What an ugly end to an ugly story!  These are supposed to be the people of God.  They are sons of the promise, to be fulfilled in Jesus Christ, blessed by deliverance from bondage, privileged to receive God’s revelation of His perfection in the Law, provided for with land which God provided, surrounded by miracles, and offered safety and security by following the Lord’s commands and living their life under His wing.  However, within a short period of time they are making idols, selling their birthright for current delight, exalting themselves, stealing other people’s property, handing over themselves as slaves to the highest bidder, and killing those people who stand in their way of taking what they want when they want it.  God’s people indeed!

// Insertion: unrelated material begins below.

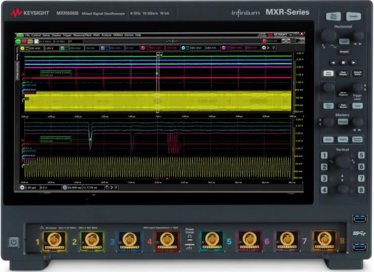 I choć 6- czy 8-kanałowe „potwory” wciąż nie są częstym widokiem na laboratoryjnych stołach, to sytuacja powoli zmienia się także w tym zakresie, a kolejni producenci opracowują nowe modele zaawansowanych oscyloskopów przeznaczonych do aplikacji wymagających jednoczesnej obserwacji przebiegów w wielu punktach układu. Jako przykład niech posłuży nam 8-kanałowy oscyloskop MXR608B marki Keysight (fotografia 16) – pomiary w paśmie do 6 GHz, we wszystkich kanałach jednocześnie, mogą być prowadzone z maksymalnym próbkowaniem 16 GSa/s.

What we see here is the slide from Truth, God’s truth, to power, to the imposition of man’s will upon those who disagree with him.  When Truth is gone, tyranny prevails.  When God is no longer the plumb line of truth, and man stands as the arbiter of truth, the only way to establish my truth is to conquer you, to exercise power over you.  Without allegiance to the true God, civilization becomes brutish and "peaceful and unsuspecting people" are put to the sword, even by other alleged followers of God.

Why did Micah behave the way he did?  Is it because society changed and he changed with it, or is it because he decided to worship according to his desires rather than in the Truth, following God’s revelation of proper worship?  Did society (the Danites) change because society decided to follow its own course rather than the course set by God, or did society change because it was made up of a lot of little Micah’s, doing as they please?  Does the destruction of civilization begin with them – or does it begin with me?

I think the answer to this question is in our readings from Judges.  Our story begins with the corruption of Micah, followed by the corruption of society, not the other way around.  If Micah had not built the shrine and populated it with items of false worship, what would the Danites have stolen?  If Micah had followed God rather than his own image in the mirror, might the Danites have observed and, maybe, even followed?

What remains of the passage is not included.